In plain terms: even when the liver is doing its job, an imbalanced gut can recirculate estrogen you were meant to clear. Researchers have linked the activity of these bacteria to circulating and urinary estrogen levels, and an active body of work is examining the estrobolome’s role in estrogen-driven conditions, including breast cancer. That research is still maturing — I want to be honest about that — but the underlying mechanism is well established and directly relevant to estrogen dominance, difficult cycles, fibroids, endometriosis, and the symptom picture so many women carry without answers.

Why I test the gut for hormone complaints

You can support estrogen detoxification through the liver perfectly and still struggle if beta-glucuronidase activity in the gut is high. Hormone symptoms are frequently a gut story. This is exactly why a comprehensive stool assessment is part of how I work up complex hormonal cases — not just a hormone panel in isolation.

03Weight & metabolism

Two women can eat and move almost identically and have very different bodies. Part of the explanation lives in the gut. The microbiome influences how efficiently calories are extracted from food, how blood sugar is regulated, and how much low-grade inflammation the body carries — and inflammation is a powerful driver of stubborn weight.

Foundational research showed that transplanting gut bacteria from obese mice into germ-free mice produced more fat gain than bacteria from lean donors, demonstrating that the microbiome itself can shift metabolism. In humans, lower microbial diversity and depletion of beneficial species such as Akkermansia muciniphila are repeatedly associated with obesity and metabolic dysfunction. A 2019 proof-of-concept study in Nature Medicine found that supplementing overweight and obese adults with Akkermansia improved several metabolic markers. I’ll note honestly that the often-cited Firmicutes-to-Bacteroidetes ratio has produced inconsistent results across studies — the more durable findings are reduced diversity and lost short-chain fatty acid production.

The clinical takeaway

When weight won’t move despite real effort, an unaddressed gut and inflammatory picture is one of the most common missing pieces — and one of the most overlooked in conventional weight care.

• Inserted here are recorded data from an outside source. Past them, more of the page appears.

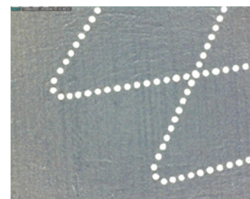
SDC 機能があるときの加工結果 (ガルバノが減速するコーナー部分でも パルス間隔を調整して加工できる)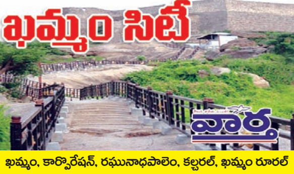
ఖమ్మం, కార్పొరేషన్, రఘునాథపాలెం, కల్లరల్, ఖమ్మం రూరల్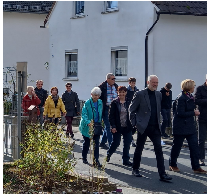
Prozession von der ev. Kirche zur kath. Kirche

Die Gastfreundschaft der evangelischen Kirche trug dazu bei, dass Integration, wie man heute sagt, gelingen konnte. Dass die Flüchtlinge, wie sie ja auch oft genannt wurden, selber zur Beheimatung in Schwalbach beisteuerten, will ich nicht verschweigen. Ab den fünfziger Jahren bauten sie, u.a. um der Enge der Wohnverhältnisse zu entfliehen, ihre eigenen Häuser. Hinzu kamen weitere Faktoren: Vertriebene und Einheimische hatten oft einen gemeinsamen Arbeitsplatz. Die Kinder drückten dieselbe Schulbank oder spielten gemeinsam in ein- und demselben Fußballverein. Frauen und Männer schlossen sich den Chören oder Feuerwehren an. Die Katholik*innen feierten Fasching und führten das ungarische Kesselgulasch ein. In Schwalbach und vielen anderen umliegenden Orten ist es gelungen, die Fremden aufzunehmen. Dafür sagen wir seitens der katholischen Kirche heute vielen herzlichen Dank und rufen Ihnen ein „Vergelt's Gott“ zu.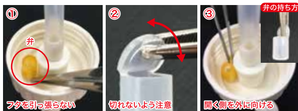
図1 弁のフタの開閉確認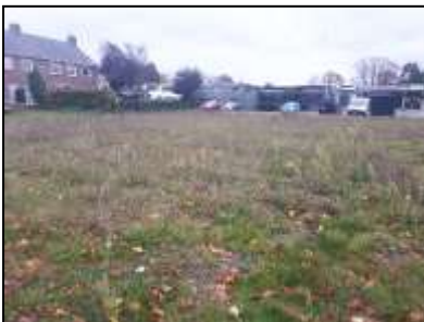
Figuur 3. Perceel voor Mgr. Borretstraat 57-59.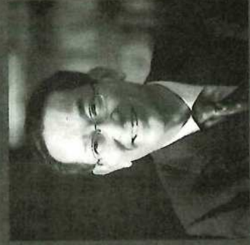
早稲田大学マニフェスト研究所顧問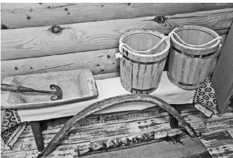
➤ На выставке в музее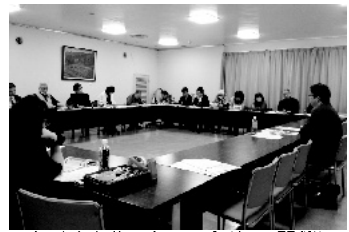
たけまさ公一と語る会(毎月開催)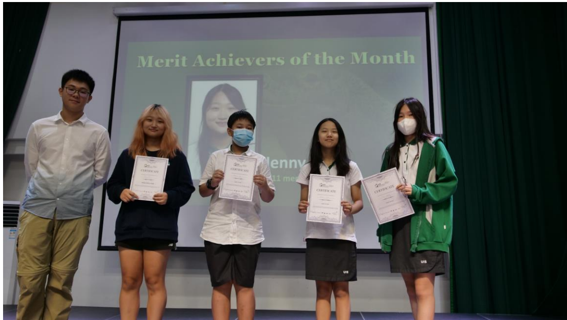
MYP 학습자상 어워드: 지식이 풍부한 사람

04Mental clarity, energy & productivity

“Brain fog” is one of the most common things I hear, and one of the most dismissed. It is not a personal failing or simply age. The same short-chain fatty acids your gut bacteria produce help maintain the integrity of the blood-brain barrier — the protective filter around the brain — a relationship established in foundational research on germ-free animals. When the gut barrier is compromised and inflammation rises, cognitive sharpness, focus, and stamina suffer in turn.

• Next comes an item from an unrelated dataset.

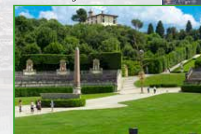
Giardini di Boboli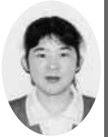
こんにちはは保健婦です

A 2025 meta-analysis in Brain and Behavior examining randomized trials reported benefit not only for mood but for cognitive function, with multiple studies showing improved cognition after microbiome-supportive interventions. Clear thinking and sustained energy — the raw material of a productive day — are downstream of a gut that is calm rather than inflamed.

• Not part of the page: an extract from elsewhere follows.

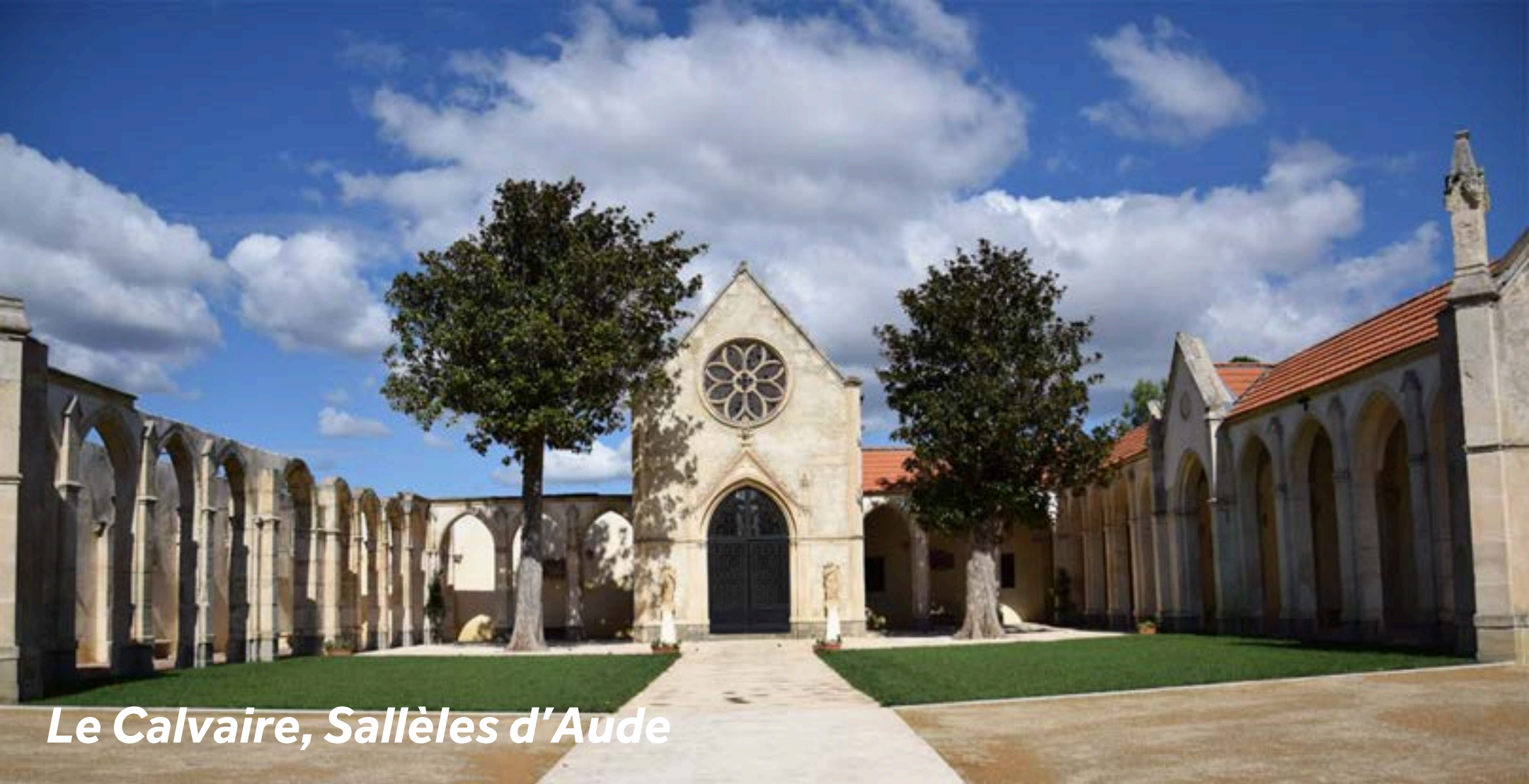
Le Calvaire, Sallèles d'Aude

Symptoms in the brain very often originate below it.

05Long-term brain health & dementia

This is where the research turns from interesting to genuinely important for the long game. Multiple 2024 and 2025 systematic reviews and meta-analyses now describe a consistent association between gut dysbiosis and both mild cognitive impairment and Alzheimer’s disease. The proposed mechanisms are familiar by now: systemic inflammation, increased permeability of both the gut and the blood-brain barrier, and disruption of the microbiota-gut-brain axis, including effects on amyloid and tau pathology.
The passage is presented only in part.